According to Xiaomi's announcement, its technical team based on SGLang HiCache fully supports SWA (Sliding Window Attention), reducing the data movement between multi-level storage including GPU memory, CPU memory, SSD, etc., to nearly one-seventh of the optimization before, and increasing the number of cacheable tokens to nearly five times the optimization before.

At the same time, Xiaomi optimized the expert parallel scheme and input length bucketing strategy to enhance cluster input throughput. Without this layer of engineering capability, low prices would easily become unsustainable subsidies. With a sufficiently powerful Infra system, low prices could transform into a long-term advantage.

Price wars test engineering capabilities and back-end depth.

Unlike pure AI model companies, Xiaomi's mobile, automotive, IoT, and consumer electronics businesses provide longer investment cycles and greater strategic patience. It views large model services as an entry to the AI ecosystem, avoiding getting stuck in the trap of focusing solely on short-term API revenue.

This is not friendly to small and medium-sized model companies. Without main business funding, lacking robust Infra capabilities, and insufficient call scale to spread costs, they are destined to struggle to follow such price cuts.

DeepSeek's low prices already threaten many domestic models' market positions. As Xiaomi MiMo follows, more sizable vendors will be forced to adjust prices or redefine product value. Smaller model service providers may be pushed into narrower vertical scenarios.

This round of price cuts is also a selection process for efficiency-focused model vendors in the market. Companies with engineering capabilities, scheduling abilities, and ecosystem access can bear the pressure of lower prices. Only those with model capabilities but unable to suppress inference costs will become increasingly passive.

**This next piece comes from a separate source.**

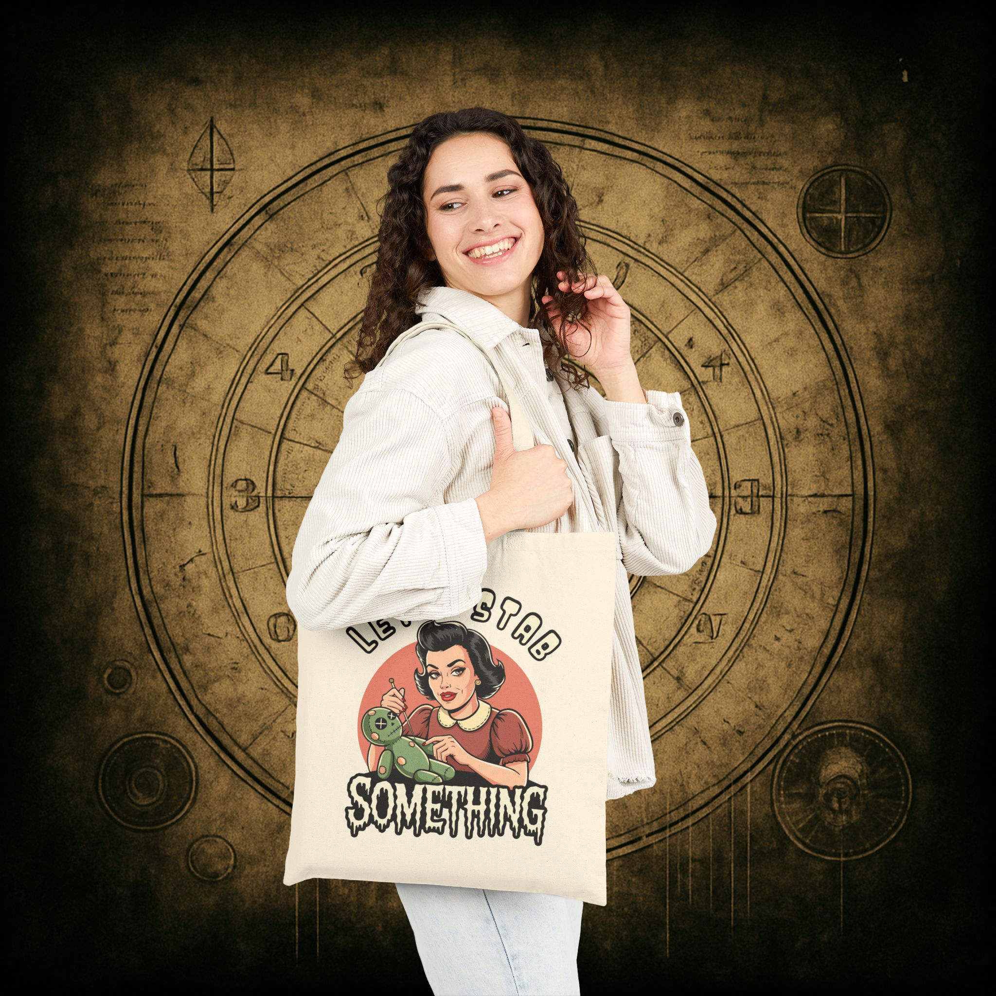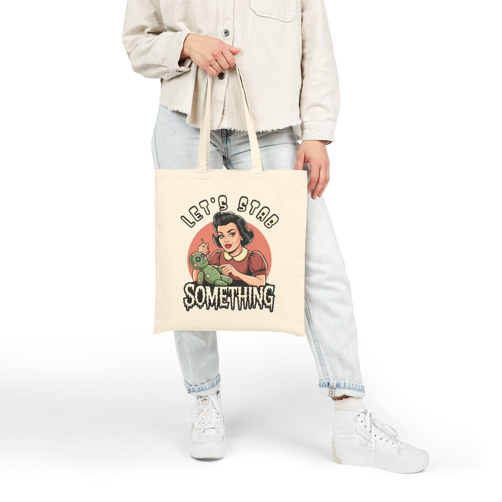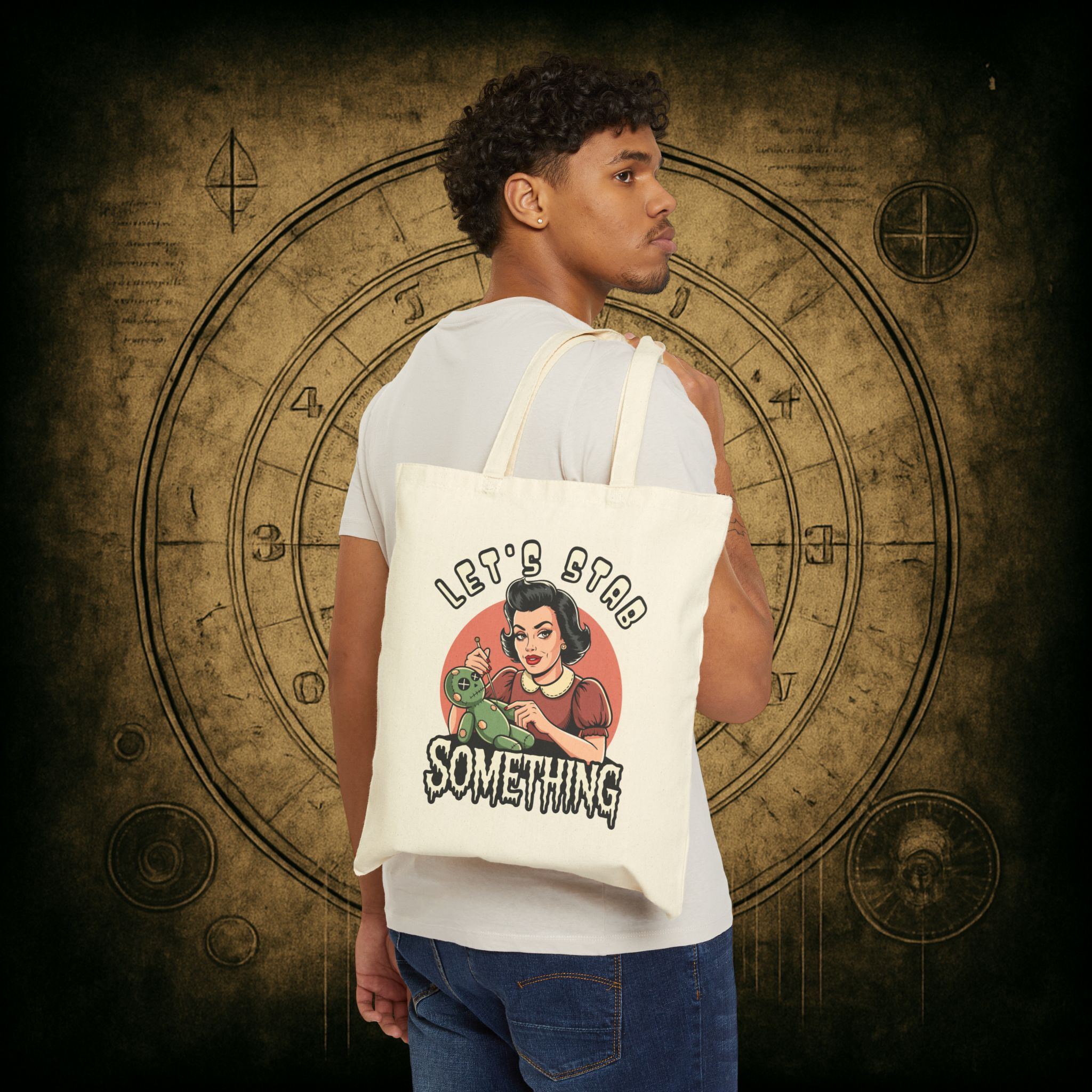 Bad day? Annoying coworker? Moon in retrograde again? The Let’s Stab Something Tote Bag is here to help you carry your emotional baggage, with a side of chaos. Featuring a retro enchantress and her very unlucky voodoo doll, this wickedly playful tote screams “therapy who?” while still holding your planner, potion kit, or just some extra pins (you know, for reasons). It’s cute. It’s cursed. It’s cathartic.

Moreover, as the space for further price cuts narrows, the value of simply lowering prices decreases as it approaches physical costs. In the next phase, model quality, agent adaptation, developer tools, ecosystem binding, service stability, and enterprise delivery capabilities will all face another round of internal competition.

Model capabilities determine the upper limit of AI development, while inference costs determine the scale of AI普及. When truly affordable tokens enter the application layer, we'll finally understand what the next explosive era for AI looks like.